In Peter’s response we see the pride and self-will that is at the heart of all sin and that is the very thing for which the cross will atone and bring healing. Peter is working from a worldly point of view, and not for the first time. – Rodney A. Whitaker, John: The IVP New Testament Commentary Series
But Jesus responded to Peter with a word of warning: “If I do not wash you, you have no share with me” (John 13:8 ESV). It would only be through Jesus’ death on the cross that true cleansing from sin could be attained. And without it, no one could have a right relationship with Christ or the Father.
Jesus’ words seemed to have gotten Peter’s attention because he immediately demanded that Jesus wash his hands and his head as well. If getting his feet washed by Jesus was a non-negotiable requirement, Peter wanted to show his enthusiasm by requesting even more cleansing. But he was missing the point.
Yet, Jesus doesn’t exactly clear up Peter’s confusion. His next statement is rather cryptic, providing the disciples with little clarity as to what He is talking about.
“The one who has bathed does not need to wash, except for his feet, but is completely clean. And you are clean, but not every one of you.” – John 13:10 ESV
It would seem that Jesus is trying to let Peter and his companions know that they belong to Him. By having been chosen by God and placed in the care of His Son, the disciples have been set apart as His servants. In a sense, they have been cleansed, but not completely. The final phase of their cleansing will take place on the cross. And when that happens, they will be made ready for the indwelling presence of the Holy Spirit. Their lives will have been completely purified and made worthy vessels for the Spirit of God. It would not be until Jesus died, was raised again, and ascended, that the Holy Spirit would be poured out on His followers.

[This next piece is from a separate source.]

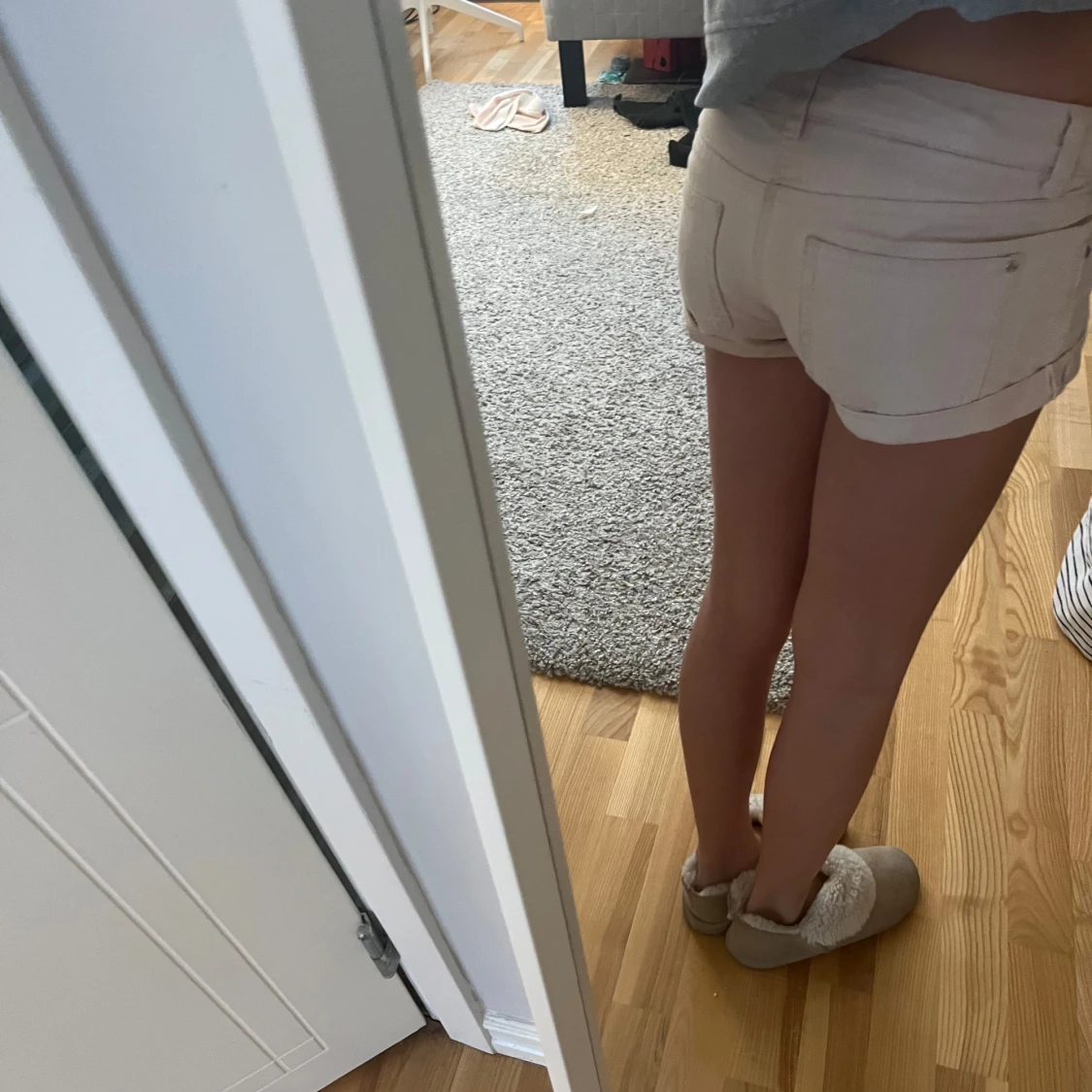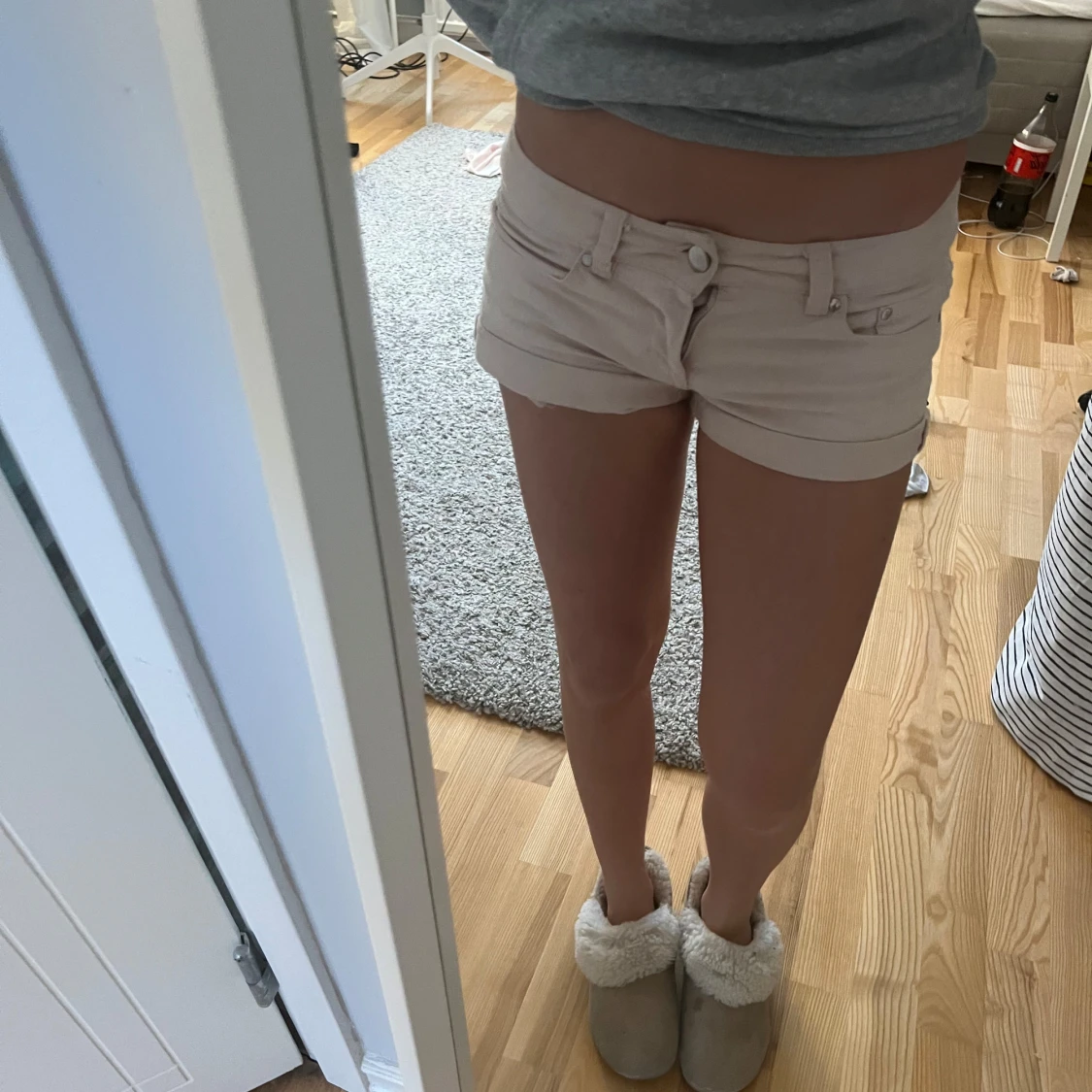 Snygga Rosa shorts lågmidjade från H&M med knappar och fickor fram. Perfekta för varma dagar och ger en avslappnad look. De är korta och har en bekväm passform.

But there was one of them who would not experience this cleansing. He would not live to enjoy the coming of the Spirit of God. Judas was not clean. He was not a true believer in Jesus. He was a betrayer. And the death of Jesus would provide Him with no further cleansing from sin. As Matthew recorded in his gospel, Peter had clearly expressed His belief in Jesus when he stated, “You are the Christ, the Son of the living God” (Matthew 16:16 ESV). But evidently, Judas did not share that belief. He was not fully convinced by Jesus’ claims to be divine. He likely began following Jesus because he had hopes that He was the Messiah. But as time went by and Jesus failed to announce His Kingdom on earth, Judas lost patience and interest. And he would walk out that very night with a preconceived plan to make the most of his relationship with Jesus by betraying Him to the religious authorities. But for the time being, Peter and the rest of the disciples would remain by Jesus’ side.